Foundation of radiotherapy.

1898

Discovery of radium

Provided another source of ionizing radiation for treatment.

1899

Successful skin cancer treatment with X-rays

First documented successful cancer treatment using radiation.

1915

Cervical cancer treatment with radium implant

Introduction of brachytherapy (internal radiation therapy).

1922

Cure of laryngeal cancer with X-ray therapy

Demonstrated curative potential of external beam radiotherapy (EBRT).

1928

Roentgen defined as radiation exposure unit

Standardized radiation measurement.

1934

Dose fractionation principles proposed

Crucial development for optimizing treatment and minimizing side effects.

1950s

Radioactive cobalt teletherapy (1MV energy)

Advancement in technology for delivering radiation.

1960s

Megavoltage X-rays from linear accelerators

Significant improvement in radiation delivery precision and depth.

1990s

3D radiotherapy planning

Enhanced precision in targeting tumors.

2000s

IMRT, IGRT, Stereotactic radiotherapy

Advanced techniques for highly precise and targeted radiation delivery.

III. Mechanism of Action

  • Energy Absorption: X-rays passing through tissue cause ionization of molecules, producing fast-moving electrons and free radicals.
  • DNA Damage: The most crucial biological effect is DNA damage, including double-strand breaks. This damage leads to cell death, particularly in rapidly dividing cancer cells.
  • Unit of Dose: Gray (Gy) - energy absorbed per unit mass (J/kg).

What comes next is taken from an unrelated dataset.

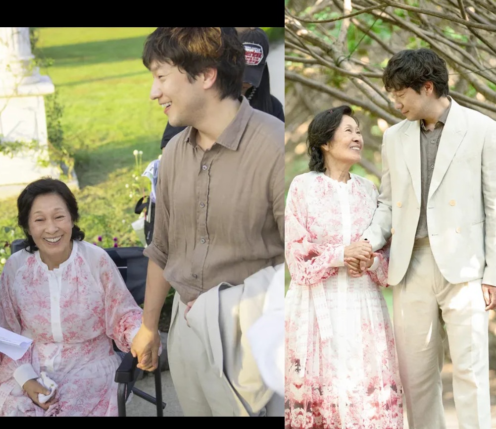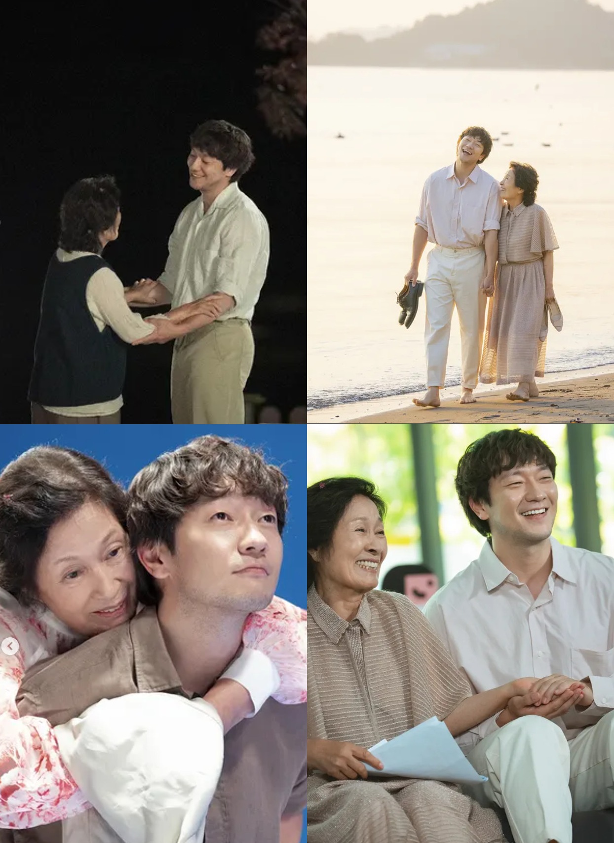 공개된 사진 속 손석구와 김혜자는 다정하게 손을 잡고 해변을 거니는가 하면, 서로를 마주보고 웃으며 부부 같은 면모를 보여 눈길을 끈다.

IV. Fractionated Radiotherapy

  • Principle: Delivering radiation in small, daily doses (fractions) over several days or weeks.
  • Benefits:
    • Preferential sparing of normal tissue: Allows higher total doses to be safely administered.
    • Increased cancer cell kill: While minimizing damage to healthy tissue.
  • Mechanism: Allows normal tissue repair between fractions, while cancer cells, which often have impaired repair mechanisms, accumulate damage leading to their death.